5. The method according to any one of claims 1 to 3, further comprising a step of comparing the expression level of the expression product of the DNA with a threshold level.
6. The method according to any one of claims 1 to 5, wherein the expression level of the expression product is measured by measuring the amount of the transcription product or the amount of the translation product.
7. The lymphadenopathy used in the method according to any one of claims 1 to 6, comprising an oligonucleotide that specifically hybridizes with the transcription product of DNA or an antibody that recognizes the translation product of DNA. Inspection kit for.

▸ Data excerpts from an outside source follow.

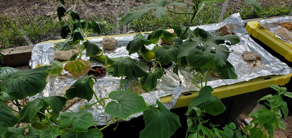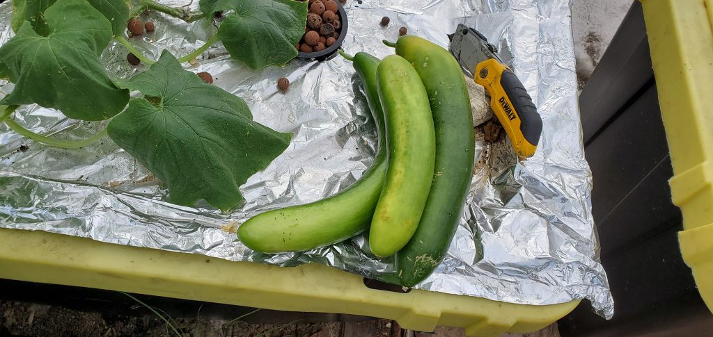 The third cucumber in this shot is from cucumber plant #1. It is now finished.
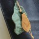 ▸ 叶片灵感源茄叶,选用先染棉麻布,手工缝出叶脉肌理,与柏木茄身构成「柿(事)茄(惬)」CP。
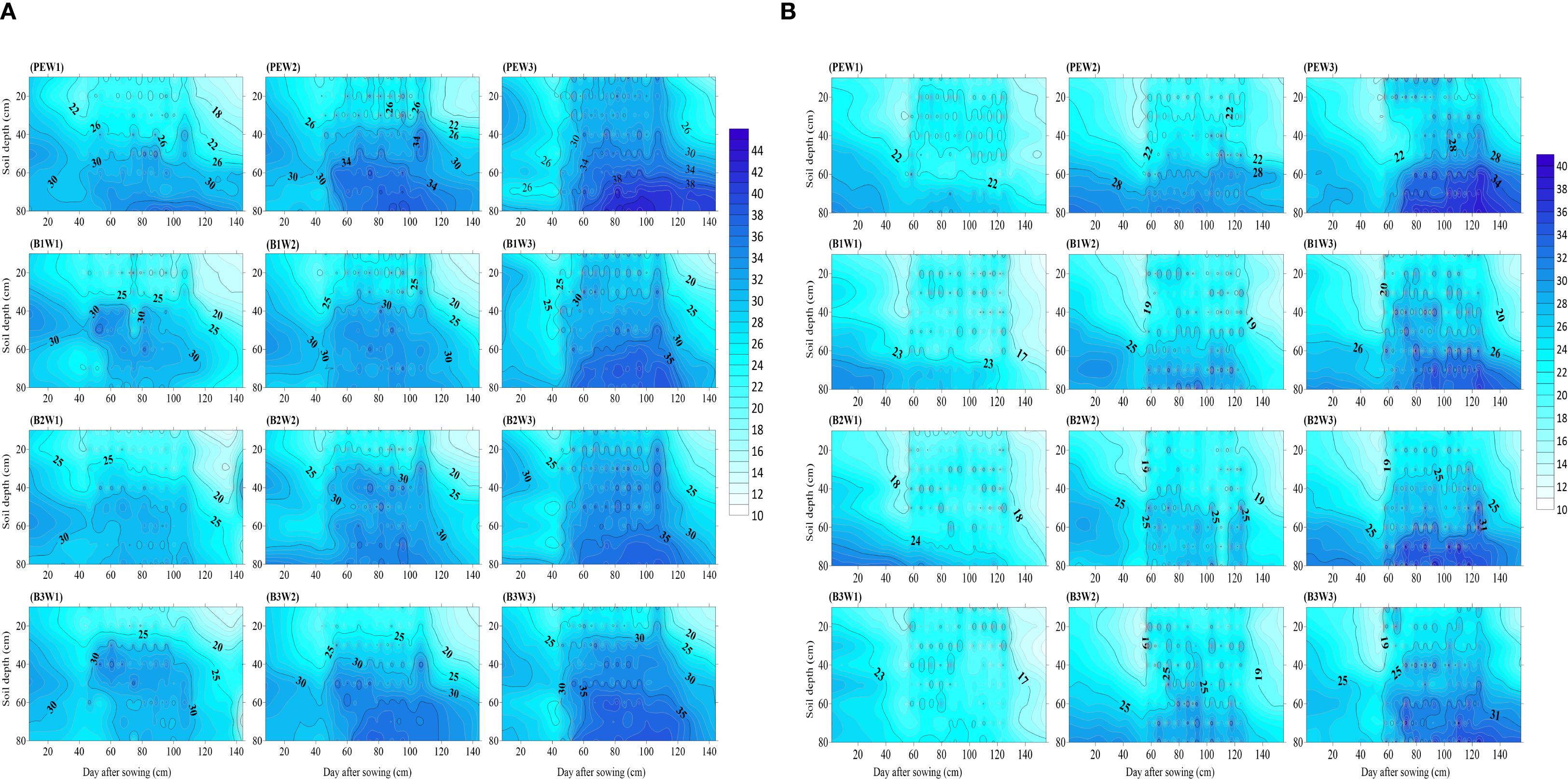 The moisture content of the surface soil significant fluctuates due to the dual influences of plant root absorption and surface evaporation (Liebhard et al., 2022; Fang et al., 2022). During specific growth stages, crops experiencing water stress may benefit from moderate irrigation, which can induce a compensatory growth effect. However, excessive irrigation negates this compensatory effect and leads to adverse phenomena such as delayed maturation and excessive vegetative growth (Cui et al., 2015; Comas et al., 2019). Excessive irrigation may trigger excessive vegetative growth and delay maturity. These findings align with previous research, indicating that biodegradable film degradation begins during the cotton flowering stage, weakening its moisture retention capability and resulting in a lower soil moisture content compared to the control PE film. However, under W3, the soil moisture content in the 0–30 cm layer increased across all treatments, particularly for B1, which exhibited a 3.72% higher moisture content than the control PE film. This suggests that increasing the irrigation depth enhances the lateral movement of soil moisture beneath the biodegradable film, leading to moisture accumulation in the upper soil layers and reducing ineffective water, which facilitates efficient water use. Under PE mulch in 2022, the soil moisture content in the 50–80 cm layer at the W3 irrigation depth registered 33.55%, representing increases of 19.62% and 63.06% compared to W2 and W1, respectively. This may be because the non-degradable PE film enhanced its vertical moisture movement capacity with increased irrigation depth, which results in a higher moisture level in the lower soil layers. Contributing to excessive vegetative growth in cotton bolls and consequently reducing yield.
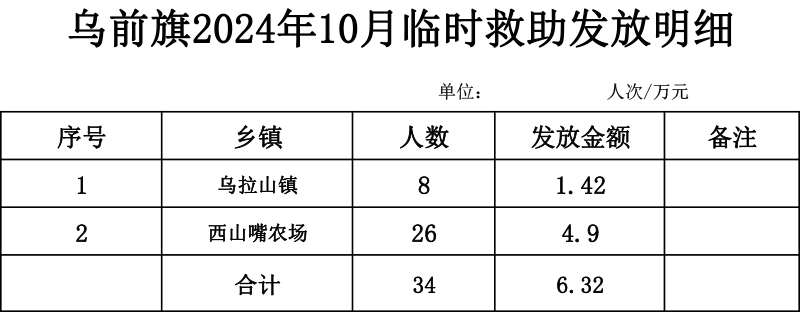 【临时救助】乌拉特前旗2024年10月发放明细

8. Use of one or more expression products of DNA containing a transcription initiation region as a marker for differential evaluation of whether a lymphadenopathy is neoplastic or non-neoplastic, Is a DNA comprising a base at an arbitrary position in the transcription initiation region and one or more bases continuous downstream thereof in the base sequence represented by SEQ ID NOs: 1 to 1037,
   Use of the expression product, wherein the transcription initiation region is a region defined at both ends by the first base of the base sequence represented by SEQ ID NOs: 1 to 1037 and the 101st base from the 3 ′ end.
9. A method for evaluating lymphadenopathy, comprising a step of measuring the expression level of one or more proteins selected from FCRL3 and SYK for a biological sample collected from a lesion of a patient exhibiting lymphadenopathy.